Third, the West’s response to Russia’s attack on Ukraine has demonstrated how concentrations of economic power translate into geopolitical power—and exposed the constraints that an unfriendly nation like China could impose on the United States by exerting influence over globally integrated markets or profit-over-country corporations. The administration’s national security team is rightly concerned over excessive dependence on the Chinese economy, although some economic policy officials are wary of limiting U.S. corporations’ access to Chinese markets.

How the Democrats ultimately respond to these problems will influence whether they stay in power and, if they manage to, whether they make choices now that will help rebuild a strong, resilient economy and democracy.

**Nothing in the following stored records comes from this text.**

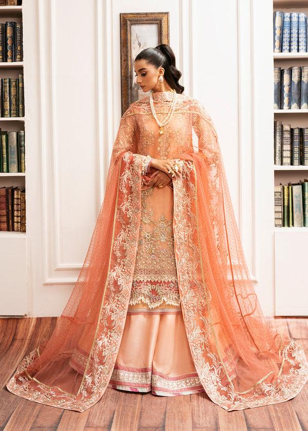 A captivating creation in a soft powder peach organza, adorned with rich dark pink borders. The mid-length silhouette is intricately embroidered with tilla, sequins, and tonal resham threads. Lavishly embellished with Swarovski crystals, pearls, and sequins, every inch of the shirt sparkles with opulence. The ensemble features our signature dupatta, embellished with over 2000 hand-applied Swarovski crystals, creating a mesmerizing shimmer. Paired with elegant dyed raw silk sharara pants, this outfit is the epitome of timeless elegance and modern luxury.
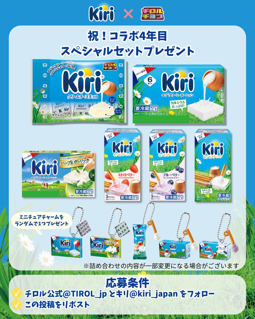 応募方法:チロルチョコ公式(@tirolchoco_official)とキリ(@kiri_jp)のアカウントをフォローし、キャンペーン投稿にコメント
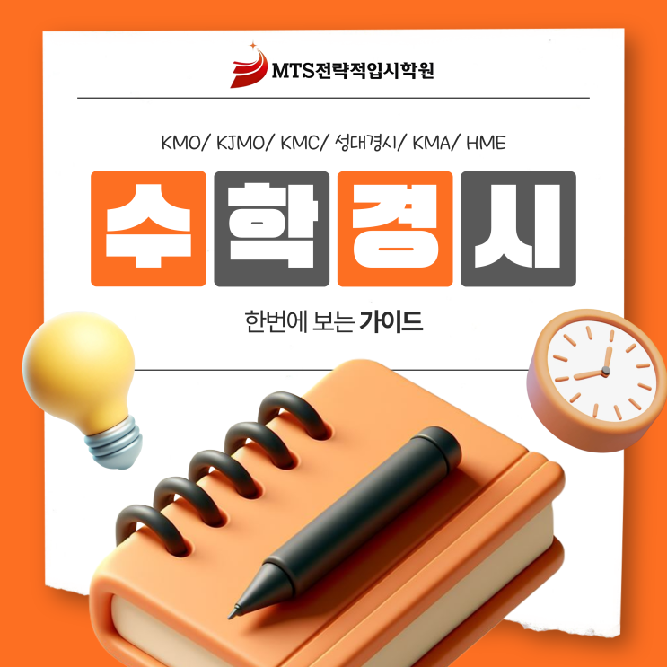 안녕하세요, MTS 학원입니다. 오늘은 주요 수학 경시대회! KMO, KJMO, KMC, 성대경시 그리고 그 하위위 레벨의 KMA, HME까지 전체를 한 번에 비교·정리해드리는 시간을 준비했습니다. 아이에게 맞는 대회를 선택하시고, 앞으로의 학습 계획을 세우는 데 분명 큰 도움이 되실 거예요! 1. KMO (한국수학올림피아드) KMO는 말 그대로 대한민국 수학의 정점에 서는 학생들이 도전하는 무대입니다. 아이의 사고력뿐 아니라 증명 논리, 문제 해결 과정, 수학적 표현까지 모두 평가되기 때문에 수학 영재학교나 특기자를 준비하는 학생이라면 반드시 거쳐가야 하는 시험입니다. KMO 출제 범위 KMO는 국제올림피아드(IMO) 기준과 동일하게 정수, 대수, 조....... <img src="https://blogthumb.pstatic.net/MjAyNTEyMTBfMjMy/MDAxNzY1MzYwNzcwODg5.Yuk3lvl4JJMb94h779fAGD1-fFqkO7FExzOGGI7naPgg.yDYg32LT7WdLUBhZBTxN_iaHJn9MADAE_Cwg51vWB5Ug.PNG/%C1%A6%B8%F1%C0%BB_%C0%D4%B7%C2%C7%D8%C1%D6%BC%BC%BF%E4.png?type=s3" />
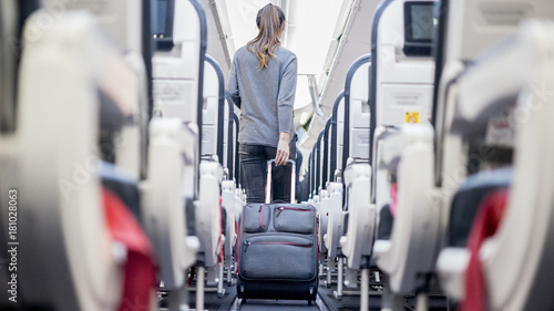 © sebra, Naklejka premium Pasażer w samolocie z walizką
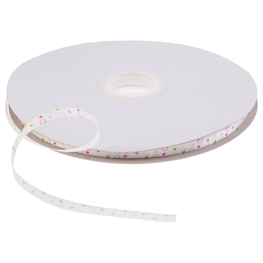ЛЕНТА АТЛАСНАЯ РАЗНОЦВЕТНЫЕ СЕРДЕЧКИ ,БЕЛАЯ, ШИР0,6см, БОБ 91,4
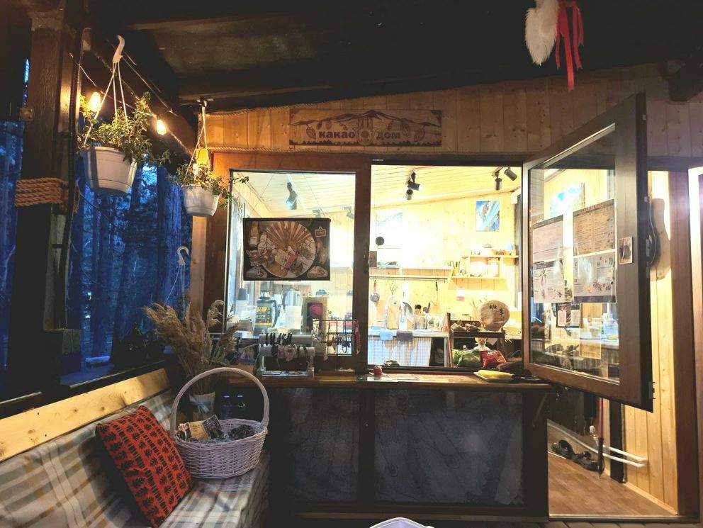 Здесь можно насладиться чашечкой кофе, используя сорта премиум-класса, а также попробовать вкусные десерты, такие как профитроли и чизкейки. Кроме того, гости отмечают, что из окон открывается прекрасный вид на горы, а на втором этаже можно поиграть в настольные игры.
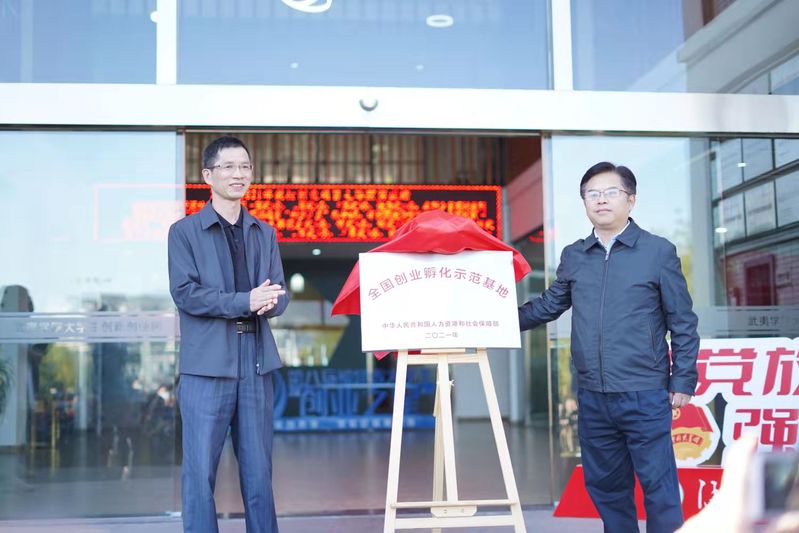授牌仪式上,庄祥生对省人社厅长期以来对我校大学生创新创业工作的关心和支持表示衷心感谢。廖斌介绍了我校全国深化创新创业教育改革示范校和创业孵化示范基地建设情况。童长峰和吴承祯共同为基地揭牌。

On the bright side, the Biden administration and influential Democrats in Congress have been warming up their muscles when it comes to tangling with dominant corporations. The president appointed trust-busting law enforcers and regulators, including antitrust enforcers Lina Khan and Jonathan Kanter, Consumer Financial Protection Bureau director Rohit Chopra, and Securities and Exchange Commission Chair Gary Gensler, who are pursuing aggressive agendas to rein in corporate and financial power from their respective perches. He also issued a wide-ranging executive order on reinvigorating competition that infuriated dominant corporations, from medical device manufacturers to social media platforms to modern-day railroad barons, and is delivering tangible benefits, like affordable hearing aids, to both consumers and small businesses. And just last week the White House touted a “billionaire tax” and constraints on stock buybacks as part of its 2023 budget.

Mainstream congressional Democrats have also shown what amounts to real progress in taking on concentrated corporate power. Democratic members from both the progressive and moderate wings of the party, such as Elizabeth Warren, Amy Klobuchar, Katie Porter, and Hakeem Jeffries, have come together to back important sector-specific bills that take aim at concentrated industries like e-commerce, energy, and global shipping.

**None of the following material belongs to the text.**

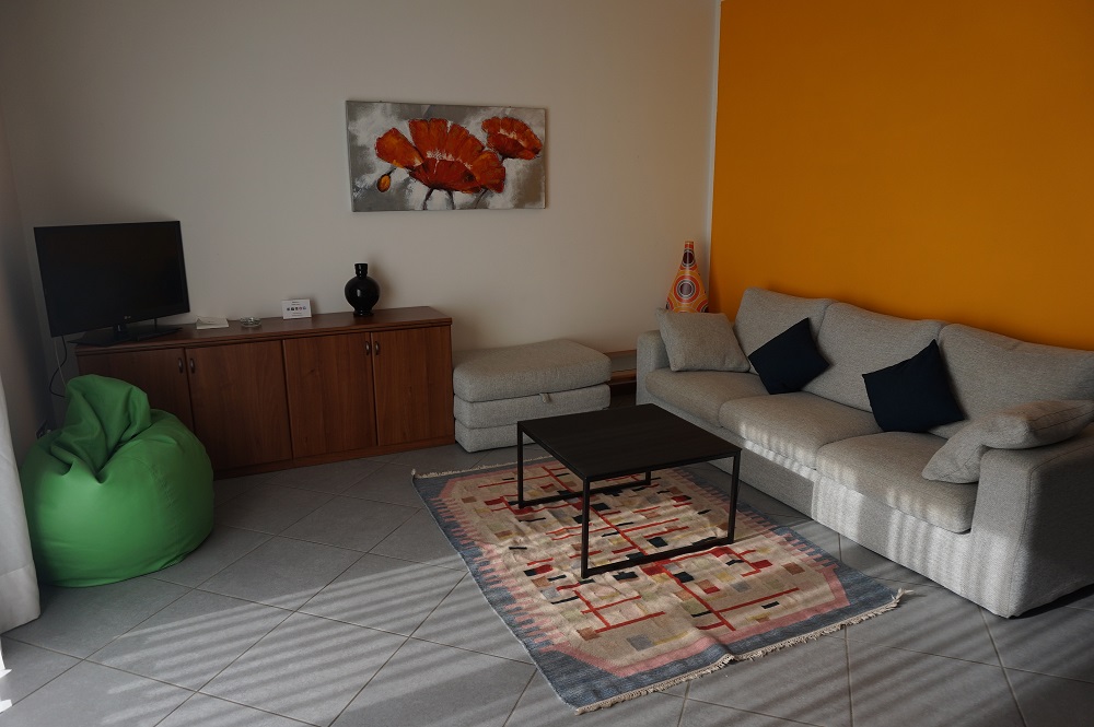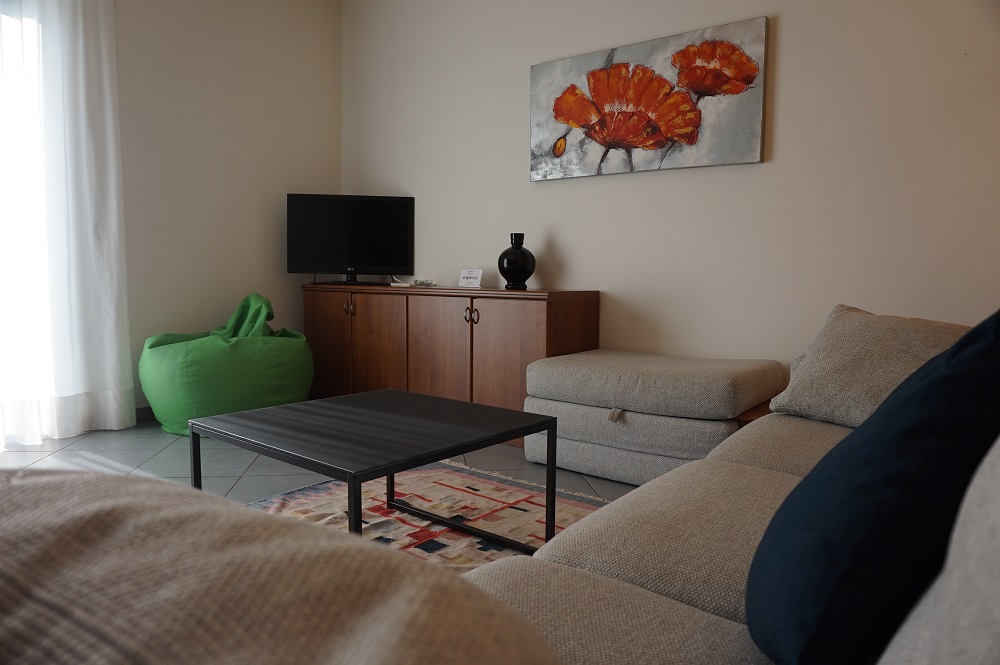 Dispone di ampio soggiorno con divano letto per una persona, un bagno e due camere con letto matrimoniale oppure due letti separati, ampio armadio e cassaforte a muro.

But while all of this progress is laudable, it is occurring in a broader governing and messaging environment best characterized as incoherent in its posture toward corporate power overall. That means politically potent accomplishments, policy ideas, and rhetoric targeting corporate power are left on the table as November closes in. Major populist wins like the No Surprises Act, which banned medical surprise billing and was signed into law by the president in January, get virtually no victory lap; elite economists frighten the White House away from calling out corporations for blatant profiteering; everyday people fighting massive conglomerates, like striking Kellogg’s workers, receive not a visit from the president but an arm’s-length letter of polite support.

The upside of the White House’s incoherence, however, is that it is also open to learning and changing course. After taking a complex, health insurer–friendly approach to distributing rapid Covid-19 tests, for example, administration officials did an about-face to send tests free through the mail, an approach White House press secretary Jen Psaki had mocked just weeks earlier.

Here’s the big-picture lesson the White House should take away from the defeat of Build Back Better: For a president who centered his campaign on unity, it’s now time to lead the Democratic Party into battle against the powerful corporations committed to defeating his popular economic agenda.

Earlier generations of Democrats understood the centrality to both policy and politics of fighting corporate titans. The question now is whether the White House can learn quickly enough to forestall future catastrophe—electoral and otherwise—and summon the courage to lead the rest of the Democratic Party where this moment of crisis demands.